The weights from the encoders for both the single models (level-2 and level-3) were then transferred to the CGS-Net encoders. The decoder from the single level-2 model was also transferred since the ground truth in the CGS-Net model was the level-2 mask. The weights for the MCA are uniquely initialized as described in cross-attention in Methods. Thus, when CGS-Net started training the results were similar to the single level-2 model since weights had been transferred and MCA weight initialization set the context (level-3) inputs to zero. The CGS-Net training followed the same process as the single-level models, except that the encoders and the decoder were frozen for only 300 epochs. The frozen encoders and decoder allow the MCA weights to be trained on only combining the detail and context inputs. At 300 epochs the entire model was unfrozen and trained for 300 more epochs for a total of 600 epochs. The training and validation datasets were combined and the model was retrained on the combined dataset until the epoch that achieved the lowest validation loss. Then the test data were analyzed. The loss function was from Ref.35, which is a 95% weight on the focal loss and a 5% on the dice loss. All networks were developed with PyTorch36.

Implementation details

The following regularization techniques were investigated to fight against overfitting: 2D dropout, L1 & L2 regularization, and data augmentation. The data augmentation was kept constant across the different models. Please see the supplement for specific implementation details.
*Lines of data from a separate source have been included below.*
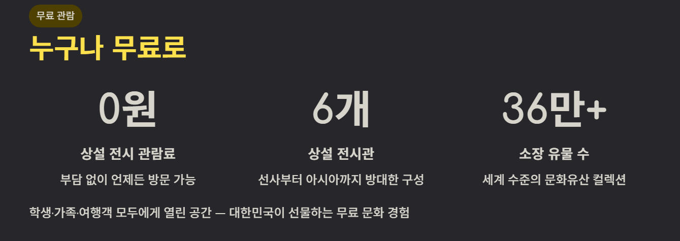 국립중앙박물관의 가장 큰 특징 중 하나는 상설 전시 무료 관람이다. 누구나 부담 없이 방문해 문화유산을 감상할 수 있기 때문에 학생, 가족, 여행객에게 매우 인기 있는 문화 공간이다.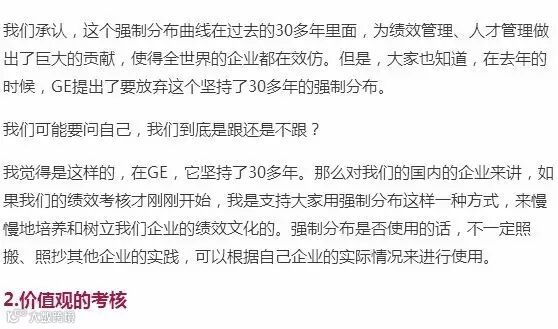 在工作目标和价值观的考核体系之下,关于强制分布曲线的运用与放弃,我们要去辩证的看,结合自己的企业的实际情况。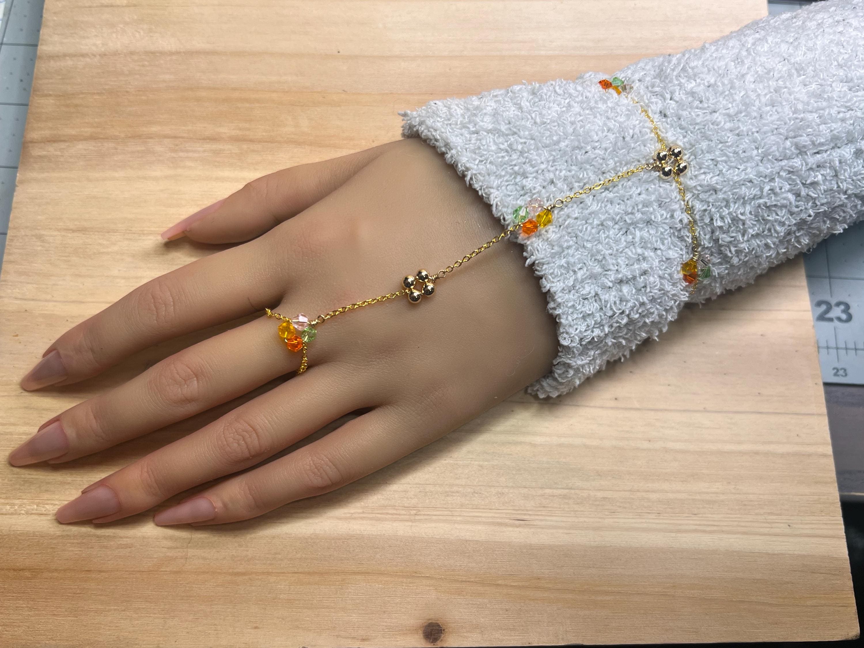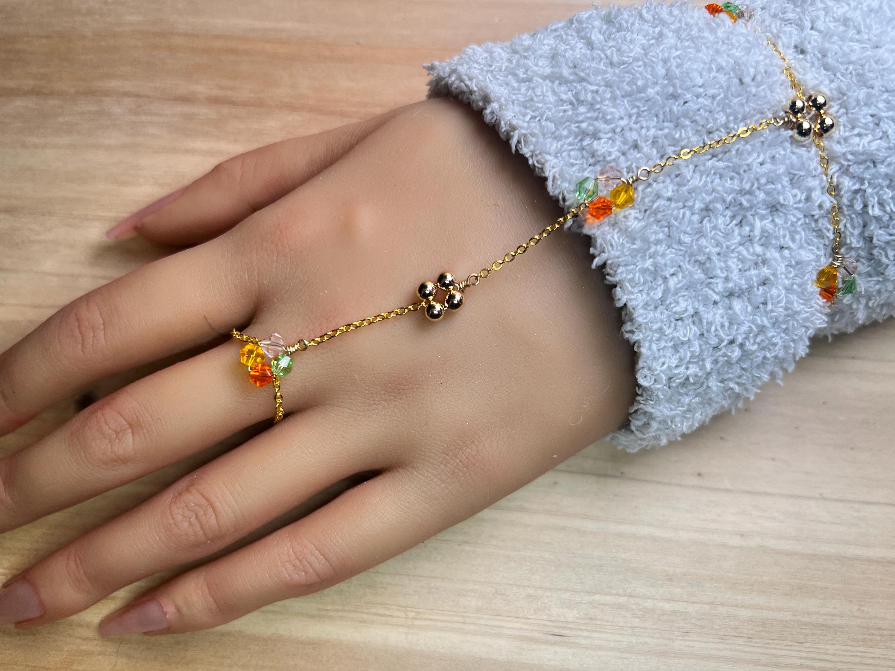 The chain ring has a circumference of 3 inches, the chain between ring and bracelet is 4 inches and the bracelet is 7 inches long. please feel free to message me for any size customizations at no extra charge.

The data augmentation included transpose, coarse dropout, Gaussian blur, rotation, horizontal flip, hue saturation value, vertical flip, affine transformations, and final normalization. We followed a hard color augmentation for training to mitigate the effects of staining variability across WSI slides9.
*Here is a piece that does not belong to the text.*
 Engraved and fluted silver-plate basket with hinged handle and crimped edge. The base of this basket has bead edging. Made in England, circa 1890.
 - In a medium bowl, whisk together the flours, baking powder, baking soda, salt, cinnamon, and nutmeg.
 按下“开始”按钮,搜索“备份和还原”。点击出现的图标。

The values for L1 and L2 loss were determined empirically. Higher L1 and/or L2 weights lead to underfitting. Note that L1 and L2 were only applied to model components that did not contain pre-trained weights and were not frozen at the start of training. For instance, if L1 and L2 regularization were applied to the entire model but only the decoder was unfrozen then the decoder would have the weight penalty of the entire model weights and not just the decoder weights. We also applied L1 and L2 to only the decoder and then applied L1 and L2 to the encoder once it was unfrozen but this did not yield lower validation loss values. Instead, the validation loss spiked when the model unfroze, which logically follows from the L1 and L2 loss both increasing. However, we believe this disrupted the connection between the encoder and decoder since the encoder weights suddenly changed when unfrozen. Dropout was applied to the decoder and the MCA, and it was kept around 15%. The SwinV2 and MiT models had the same overall regularization strategy but with different hyperparameter values (see supplement).